→ Aim of the exercise: Once the pictures are removed, restate the data below word for word.

→ Records to process:
┄┄┄┄┄┄┄┄┄┄

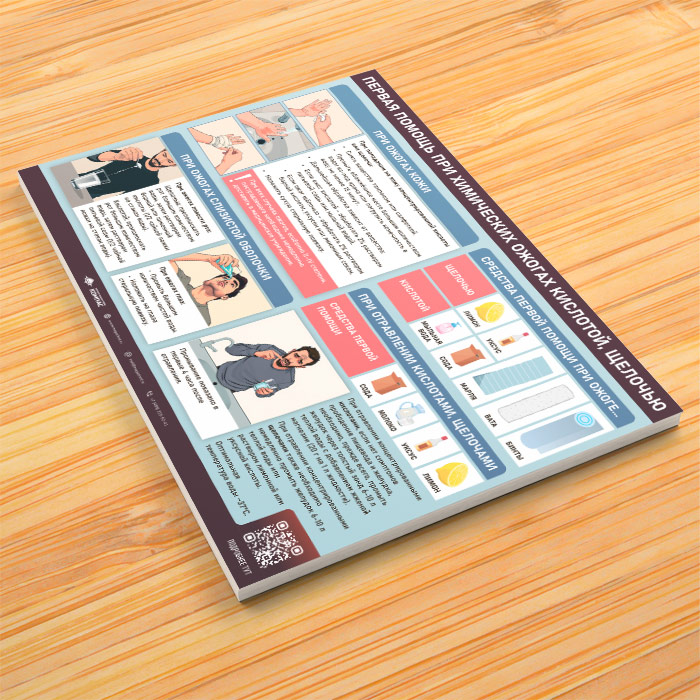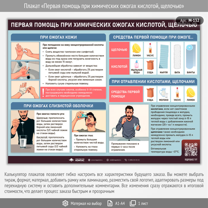 Плакат «Первая помощь при химических ожогах кислотой, щелочью» с QR (М-132, 1 лист) в Ижевске купить
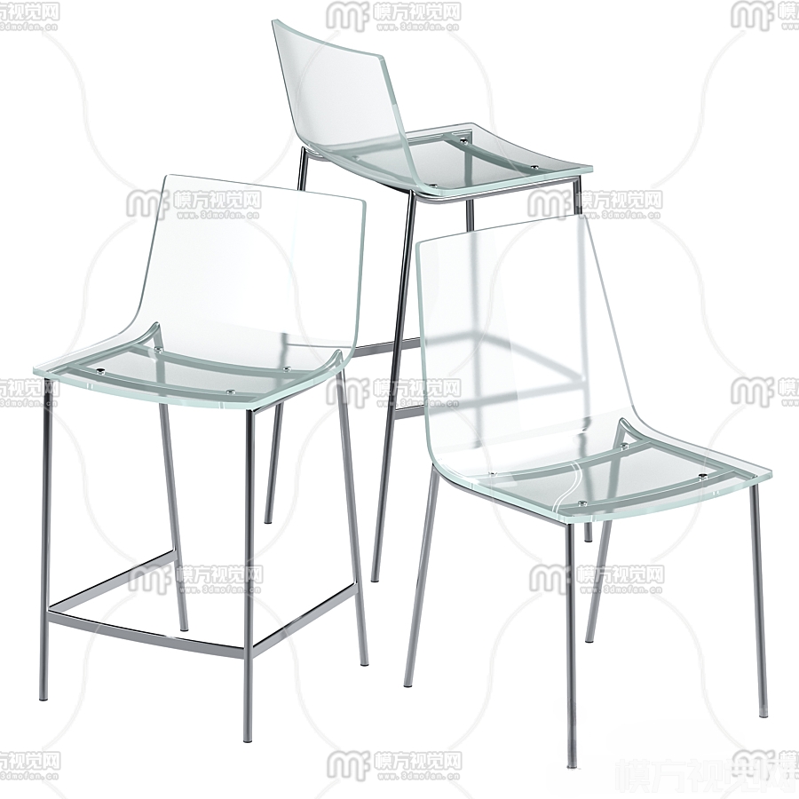 现代亚克力透明吧椅3D模型(ID:0015404)
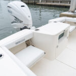 Rod stowage includes under-gunwale racks for up to 9-foot fly rods, and there’s an in-deck cast net locker forward of the console. Other features include pop-up cleats, dual aft jump seats and a fiberglass cooler with a cushion and backrest on the forward end of the console.
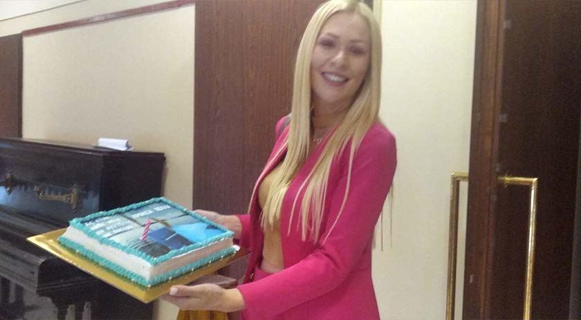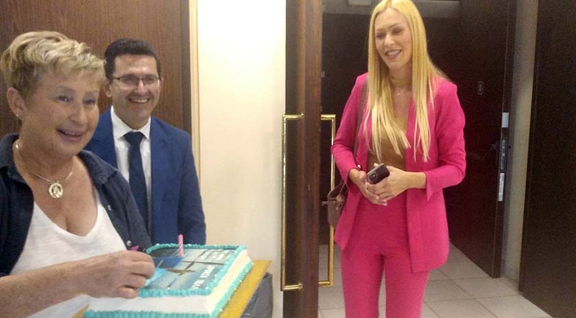 Η παρουσίαση συνδυάστηκε και με την ημέρα των γενεθλίων της γνωστής πιανίστριας και ο όπως πάντα φιλόξενος αντιδήμαρχος πολιτισμού της πρόσφερε μια τούρτα :
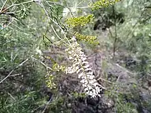 Grevillea subtiliflora is an open, erect shrub that typically grows to a height of 1.0–2.5 m (3 ft 3 in – 8 ft 2 in) and has densely silky-hairy branchlets. Its leaves are pinnatisect, 25–45 mm (0.98–1.77 in) long with 3 to 11 lobes that are usually further divided, the end lobes linear, 5–20 mm (0.20–0.79 in) long and 0.5–1 mm (0.020–0.039 in) wide. The edges of the leaves are rolled under, enclosing the lower surface apart from the midvein. The flowers are borne in cylindrical clusters in leaf axils and at the ends of branches on a silky-hairy raceme 40–80 mm (1.6–3.1 in) long. The flowers are yellowish green in the bud stage, later white, the pistil 4–5 mm (0.16–0.20 in) long. Flowering occurs from July to October and the fruit is an oval or oblong follicle 8–10 mm (0.31–0.39 in) long.[2][3][4]
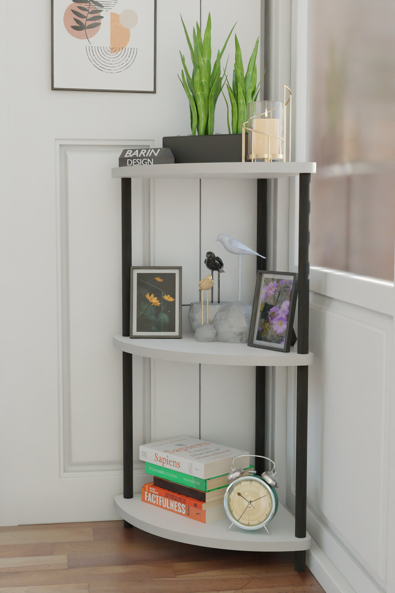Çevirmeli Kurulum 3 Katlı Dekoratif Köşe Rafı Kitaplık Organizer Aksesuar Düzenleyici Raf Ünitesi Beyaz
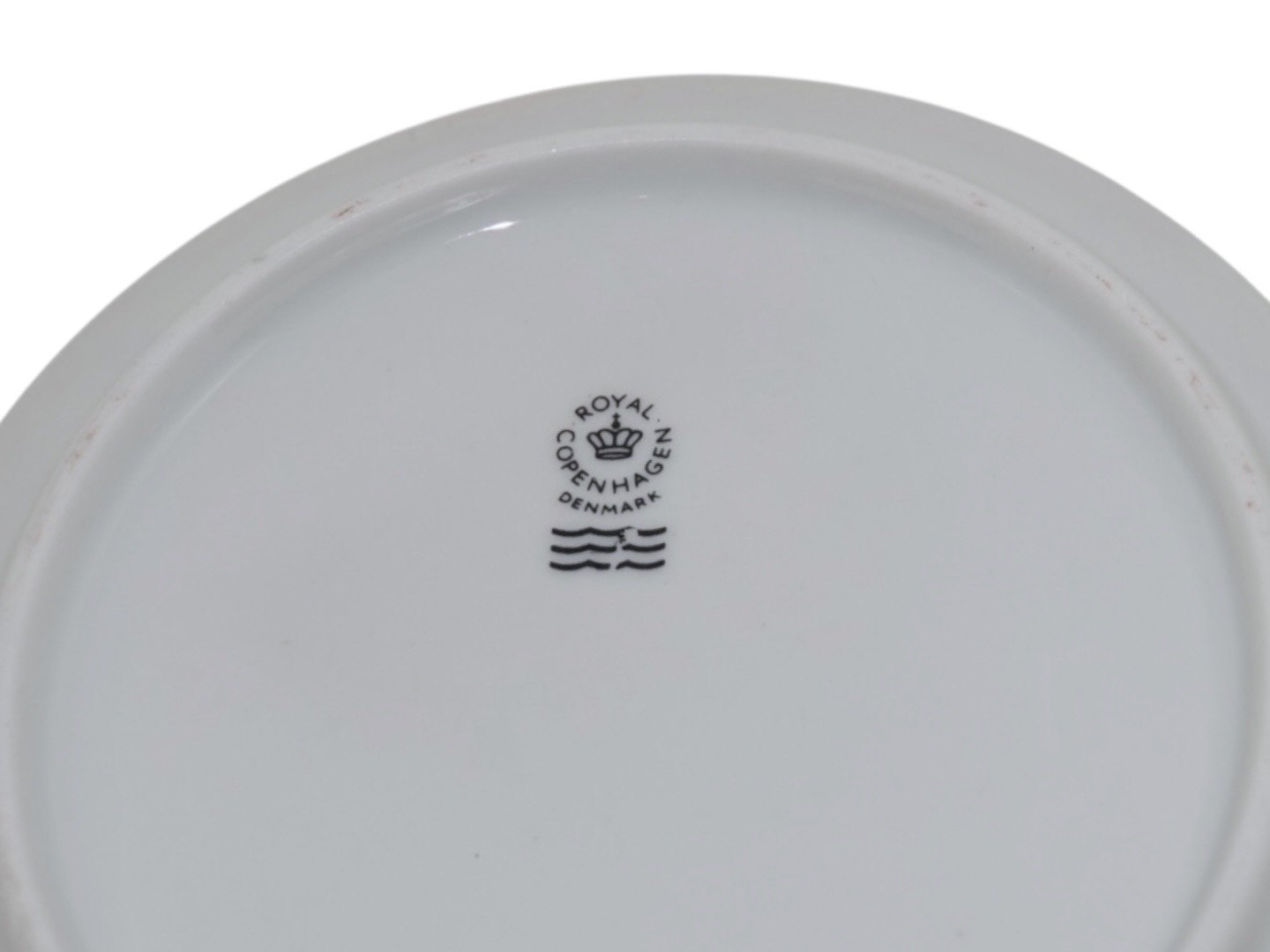 Beskrivelse: Royal Copenhagen julestel, lille asiet med julenisse, risengrød og kat.
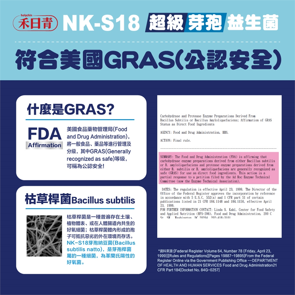 【成份】芽孢型納豆菌(美國專利菌株)、芽孢乳酸桿菌、植物乳桿菌、乳雙歧桿菌、短雙歧桿菌、乾酪乳桿菌、副乾酪乳桿菌、醱酵乳桿菌、鼠李糖乳桿菌、嗜熱鏈球菌、嗜酸乳桿菌、長雙歧桿菌、兩歧雙歧桿菌、乳酸乳桿菌、羅伊氏乳桿菌、瑞士乳桿菌、果汁粉(含砂糖、麥芽糊精、橘子濃縮汁、氧化澱粉(樹薯)、檸檬酸、檸檬酸鈉、蘋果酸、香料、β-胡蘿蔔素) 、麥芽糊精、黃豆粉、酵母粉、赤藻糖醇(甜味劑)、玉米澱粉、香料粉、DL-蘋果酸、木寡糖。
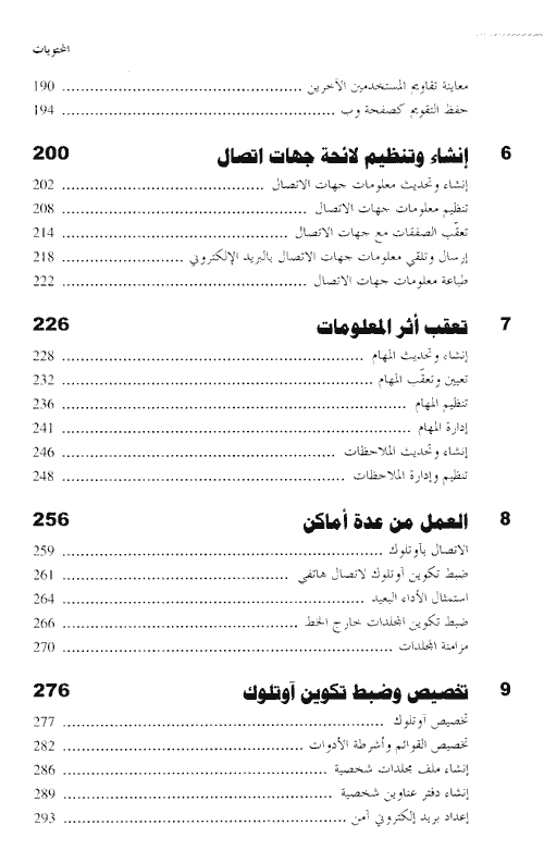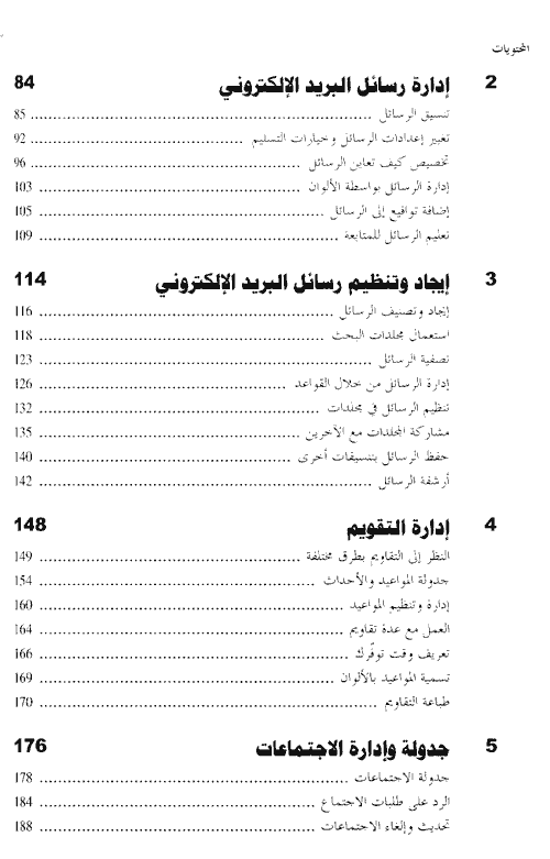ويمضي معك الفصل الخامس قدماً حيث ستتعلم كيفية جدولة وإدارة الاجتماعات والرد على طلبات الاجتماع وتحديث وإلغاء الاجتماعات ومعاينة تقاويم المستخدمين الآخرين وحفظ تقويم كصفحة وب. أما الفصل السادس فهو مخصص لتعلم إنشاء وتنظيم لائحة جهات الاتصال وتنظيم معلومات جهات الاتصال وتعقب الصفقات مع جهات الاتصال وإرسال وتلقي معلومات جهات الاتصال بالبريد الإلكتروني وطباعة معلومات جهات الاتصال.
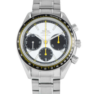 OMEGA’s Speedmaster Racing ref. 326.30.40.50.04.001 is a sporty chronograph with a wearable 40mm case and an eye-catching racing-inspired dial. Its white dial features a trio of black counters with a “Clous de Paris” pattern, a racing minute track on the outer perimeter, applied hour markers with luminous fill for visibility, and bright yellow accents for a high-contrast look. Encircling the watch’s face is a black aluminum bezel with a tachymeter scale. The watch is powered by the Co-Axial caliber 3330, a self-winding movement with 52 hours of power reserve.
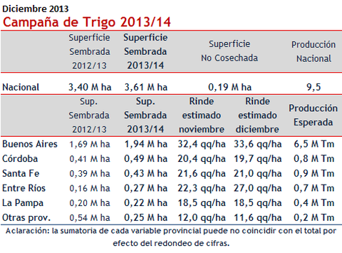 Con un pequeño ajuste en superficie respecto de la anterior estimación, se agregaron 70 mil hectáreas en la provincia de Entre Ríos, tomando para esta área los datos producidos por el SIBER de la Bolsa de Comercio de Entre Ríos, se ajusta en 3,61 millones de hectáreas que se han sembrado se espera que se cosechen 3,42 millones.
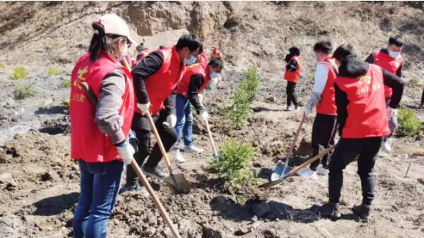 志愿者們參觀了“保護(hù)生態(tài)環(huán)境主題展板”,沿著晨光路進(jìn)行“健康徒步”,最后來到虎林水庫山上開始綠化植樹。大家有的拿樹苗,有的挖坑,有的培土,忙碌的場面,熱火朝天。一個(gè)個(gè)鮮紅的身影,一顆顆翠綠的樹苗,一面面飄揚(yáng)的旗幟,在這片空曠的土地上編織出一幅美麗的畫卷。
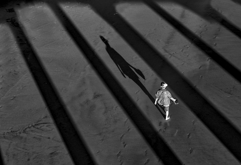 Sunhil, I like your mono converted image much more than the original color. My preference would be for a tighter crop to emphasize the figure and also so he is not so centered. In my revision I also added a slight increase in contrast. |
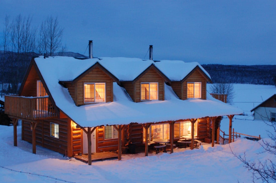 拉哈切湖(Lac La Hache)上的壮观原木屋
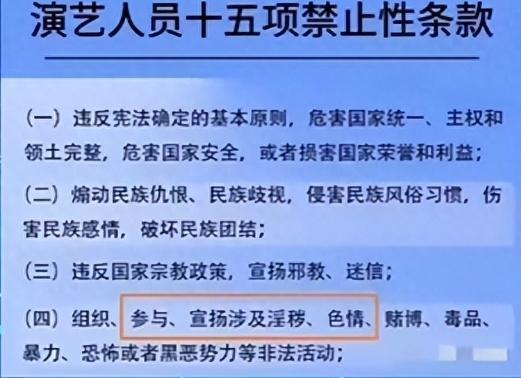 演艺人员15项禁止性条款中明确规定,演艺人员不得组织、参与、宣传涉及淫秽、色情、赌博、毒品、暴力等相关的非法活动。严格意义上说,虽然baby和张嘉倪不是组织者,但观看节目就等于参与了这项活动,因此即便被封杀也是有法可依的。
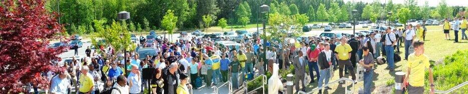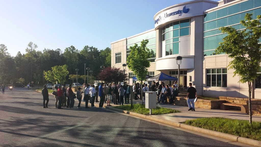 | Lineup of attendees outside of SQL Saturday Atlanta who did not pre-print their SpeedPASS admission |
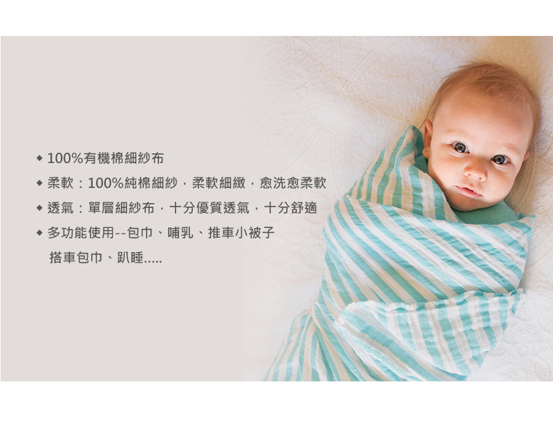 ※ 多功能使用--可當浴巾、包巾、拍嗝巾、推車小被子、搭車小棉被、趴睡、午睡小被子使用
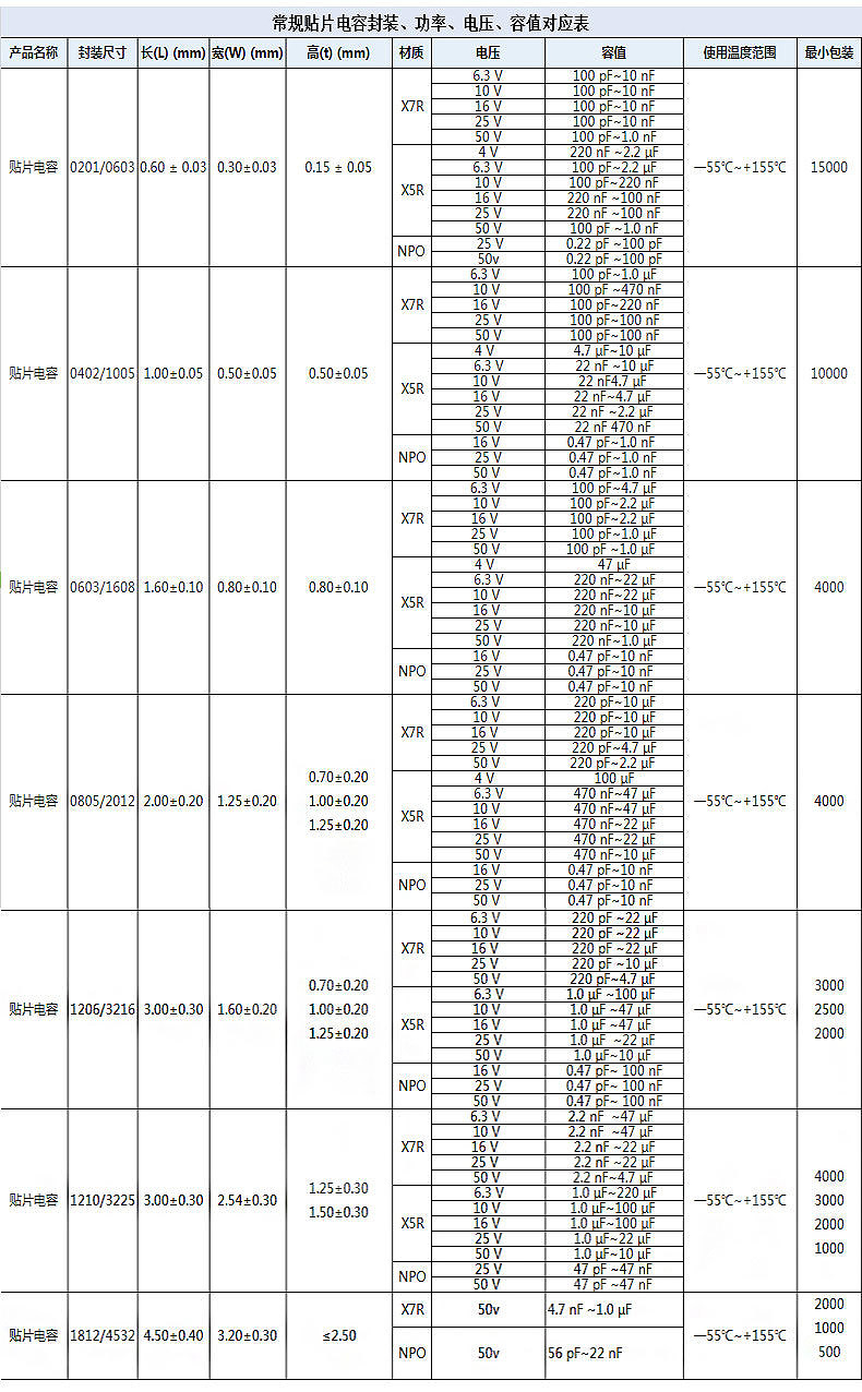 貼片電容封裝,功率,電壓,容值對應表

┄┄┄┄┄┄┄┄┄┄

→ Solution:
 Плакат «Первая помощь при химических ожогах кислотой, щелочью» с QR (М-132, 1 лист) в Ижевске купить
 现代亚克力透明吧椅3D模型(ID:0015404)
 Rod stowage includes under-gunwale racks for up to 9-foot fly rods, and there’s an in-deck cast net locker forward of the console. Other features include pop-up cleats, dual aft jump seats and a fiberglass cooler with a cushion and backrest on the forward end of the console.
 Η παρουσίαση συνδυάστηκε και με την ημέρα των γενεθλίων της γνωστής πιανίστριας και ο όπως πάντα φιλόξενος αντιδήμαρχος πολιτισμού της πρόσφερε μια τούρτα :
 Grevillea subtiliflora is an open, erect shrub that typically grows to a height of 1.0–2.5 m (3 ft 3 in – 8 ft 2 in) and has densely silky-hairy branchlets. Its leaves are pinnatisect, 25–45 mm (0.98–1.77 in) long with 3 to 11 lobes that are usually further divided, the end lobes linear, 5–20 mm (0.20–0.79 in) long and 0.5–1 mm (0.020–0.039 in) wide. The edges of the leaves are rolled under, enclosing the lower surface apart from the midvein. The flowers are borne in cylindrical clusters in leaf axils and at the ends of branches on a silky-hairy raceme 40–80 mm (1.6–3.1 in) long. The flowers are yellowish green in the bud stage, later white, the pistil 4–5 mm (0.16–0.20 in) long. Flowering occurs from July to October and the fruit is an oval or oblong follicle 8–10 mm (0.31–0.39 in) long.[2][3][4]
Çevirmeli Kurulum 3 Katlı Dekoratif Köşe Rafı Kitaplık Organizer Aksesuar Düzenleyici Raf Ünitesi Beyaz
 Beskrivelse: Royal Copenhagen julestel, lille asiet med julenisse, risengrød og kat.
 【成份】芽孢型納豆菌(美國專利菌株)、芽孢乳酸桿菌、植物乳桿菌、乳雙歧桿菌、短雙歧桿菌、乾酪乳桿菌、副乾酪乳桿菌、醱酵乳桿菌、鼠李糖乳桿菌、嗜熱鏈球菌、嗜酸乳桿菌、長雙歧桿菌、兩歧雙歧桿菌、乳酸乳桿菌、羅伊氏乳桿菌、瑞士乳桿菌、果汁粉(含砂糖、麥芽糊精、橘子濃縮汁、氧化澱粉(樹薯)、檸檬酸、檸檬酸鈉、蘋果酸、香料、β-胡蘿蔔素) 、麥芽糊精、黃豆粉、酵母粉、赤藻糖醇(甜味劑)、玉米澱粉、香料粉、DL-蘋果酸、木寡糖。
ويمضي معك الفصل الخامس قدماً حيث ستتعلم كيفية جدولة وإدارة الاجتماعات والرد على طلبات الاجتماع وتحديث وإلغاء الاجتماعات ومعاينة تقاويم المستخدمين الآخرين وحفظ تقويم كصفحة وب. أما الفصل السادس فهو مخصص لتعلم إنشاء وتنظيم لائحة جهات الاتصال وتنظيم معلومات جهات الاتصال وتعقب الصفقات مع جهات الاتصال وإرسال وتلقي معلومات جهات الاتصال بالبريد الإلكتروني وطباعة معلومات جهات الاتصال.
 OMEGA’s Speedmaster Racing ref. 326.30.40.50.04.001 is a sporty chronograph with a wearable 40mm case and an eye-catching racing-inspired dial. Its white dial features a trio of black counters with a “Clous de Paris” pattern, a racing minute track on the outer perimeter, applied hour markers with luminous fill for visibility, and bright yellow accents for a high-contrast look. Encircling the watch’s face is a black aluminum bezel with a tachymeter scale. The watch is powered by the Co-Axial caliber 3330, a self-winding movement with 52 hours of power reserve.
 Con un pequeño ajuste en superficie respecto de la anterior estimación, se agregaron 70 mil hectáreas en la provincia de Entre Ríos, tomando para esta área los datos producidos por el SIBER de la Bolsa de Comercio de Entre Ríos, se ajusta en 3,61 millones de hectáreas que se han sembrado se espera que se cosechen 3,42 millones.
 志愿者們參觀了“保護(hù)生態(tài)環(huán)境主題展板”,沿著晨光路進(jìn)行“健康徒步”,最后來到虎林水庫山上開始綠化植樹。大家有的拿樹苗,有的挖坑,有的培土,忙碌的場面,熱火朝天。一個(gè)個(gè)鮮紅的身影,一顆顆翠綠的樹苗,一面面飄揚(yáng)的旗幟,在這片空曠的土地上編織出一幅美麗的畫卷。
 Sunhil, I like your mono converted image much more than the original color. My preference would be for a tighter crop to emphasize the figure and also so he is not so centered. In my revision I also added a slight increase in contrast. |
 拉哈切湖(Lac La Hache)上的壮观原木屋
 演艺人员15项禁止性条款中明确规定,演艺人员不得组织、参与、宣传涉及淫秽、色情、赌博、毒品、暴力等相关的非法活动。严格意义上说,虽然baby和张嘉倪不是组织者,但观看节目就等于参与了这项活动,因此即便被封杀也是有法可依的。
 | Lineup of attendees outside of SQL Saturday Atlanta who did not pre-print their SpeedPASS admission |
 ※ 多功能使用--可當浴巾、包巾、拍嗝巾、推車小被子、搭車小棉被、趴睡、午睡小被子使用
 貼片電容封裝,功率,電壓,容值對應表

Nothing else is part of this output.